Gabriel Okoro

Personal information
- Full name: Chidiebere Gabriel Okoro
- Date of birth: 26 December 2006 (age 19)
- Place of birth: Nigeria
- Position: Midfielder

Team information
- Current team: Ceuta
- Number: 32

Senior career*
- Years: Team / Apps / (Gls)
- 2025–: Ceuta B / 27 / (1)
- 2026–: Ceuta / 7 / (0)

= Gabriel Okoro =

Nigerian footballer (born 1998)

Chidiebere Gabriel Okoro (born 26 December 2006) is a Nigerian professional footballer who plays as a midfielder for Spanish club AD Ceuta FC.

==Career==
On 22 October 2025, Okoro joined AD Ceuta FC on a two-year contract, being initially assigned to the reserves in Tercera Federación.
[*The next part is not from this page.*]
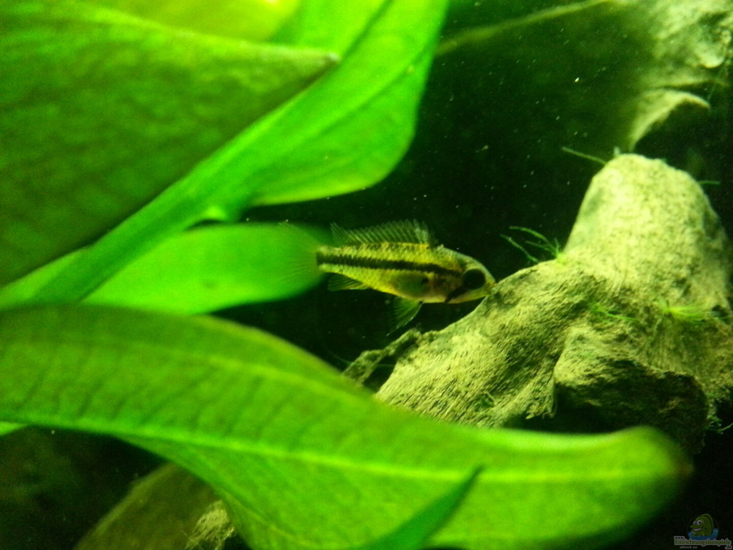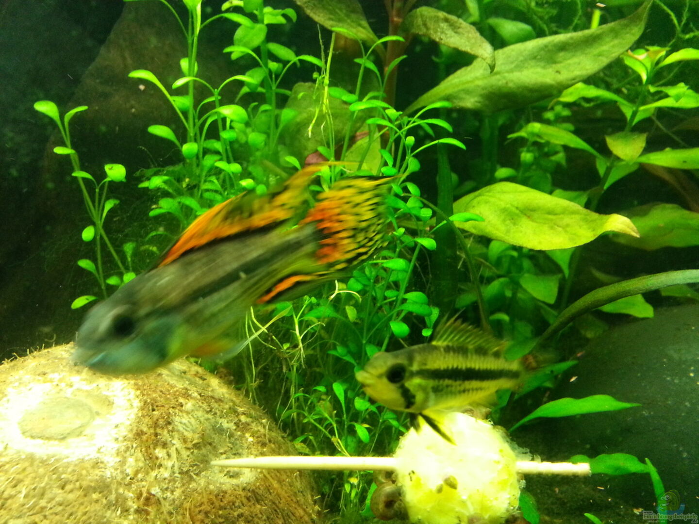 Die Kakadu-Zwergbuntbarsche haben wohl während des Urlaubs gelaicht. Heute hab ich mehrere Jungtiere rum schwimmen sehen. Mama Barsch beschützt sie eifrig.

He quickly became a regular starter for the side, and spent the 2026 pre-season with the first team, impressing in a match against Málaga CF.

Okoro made his professional debut with the Caballas on 15 August 2026, coming on as a late substitute for Cedric Teguia in a 5–1 away loss to FC Andorra. On 19 September, eight days after his first professional start, he renewed his contract with the club until 2029.